Eleanor R. Love, of the University of Aberdeen in the United Kingdom, and colleagues studied 30,937 women admitted to Scottish hospitals during 1981 to 2000 who had a miscarriage in their first recorded pregnancy and became pregnant again. Primary outcomes were incidence of miscarriage, live birth, pregnancy termination, stillbirth, or ectopic pregnancy during the second pregnancy.

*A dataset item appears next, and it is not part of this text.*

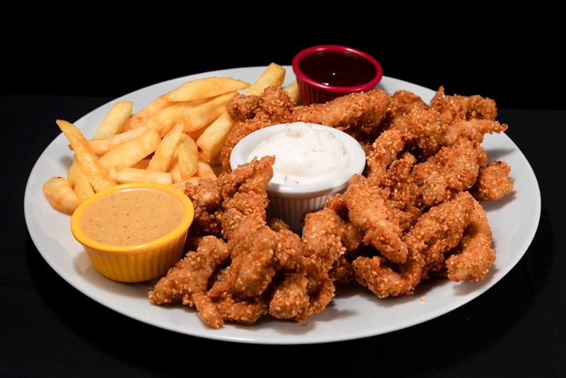 160 gr. susamlı çıtır tavuk patates kızartması; yanında ev yapımı ranch sos, ev yapımı ballı hardallı sos ve acı sos ile servis edilir.
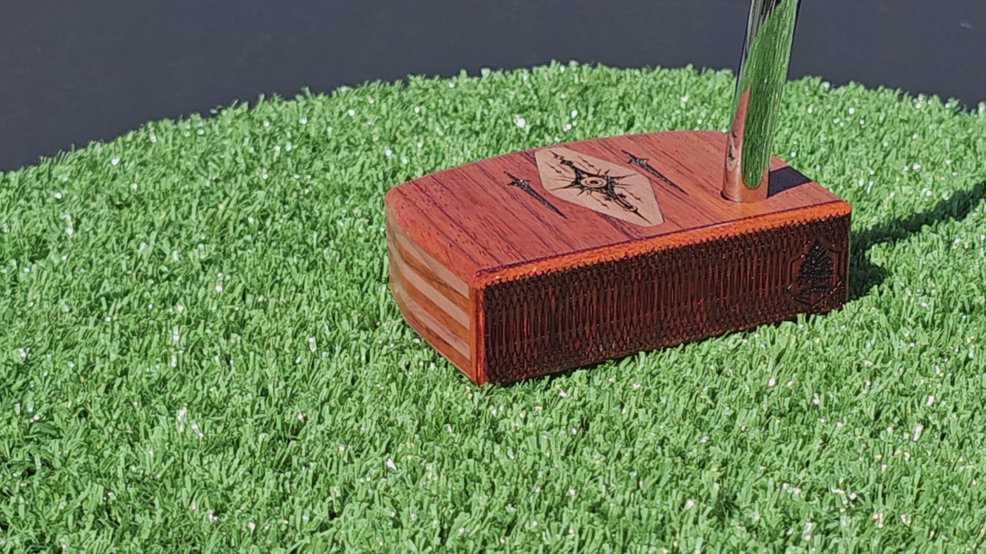 Layered Bloodwood and Red Cedar putter with decorative inlay

The researchers found that women who got pregnant again within six months of their miscarriage were less likely to have another miscarriage (adjusted odds ratio [OR], 0.66), termination (OR, 0.43), or have an ectopic pregnancy (OR, 0.48) than women with a six- to 12-month interval between pregnancies. Women who did not conceive again for more than 24 months were more likely to have a pregnancy termination (OR, 2.40) or an ectopic pregnancy (OR, 1.97). The women who conceived again within six months and had a live birth also were less likely to have a cesarean section (OR, 0.90), preterm delivery (OR, 0.89), or a low birth weight infant (OR, 0.84) than women with a six- to 12-month interpregnancy interval, though they were more likely to have induced labor (OR, 1.08).

"Women who conceive within six months of an initial miscarriage have the best reproductive outcomes and lowest complication rates in a subsequent pregnancy," the authors write.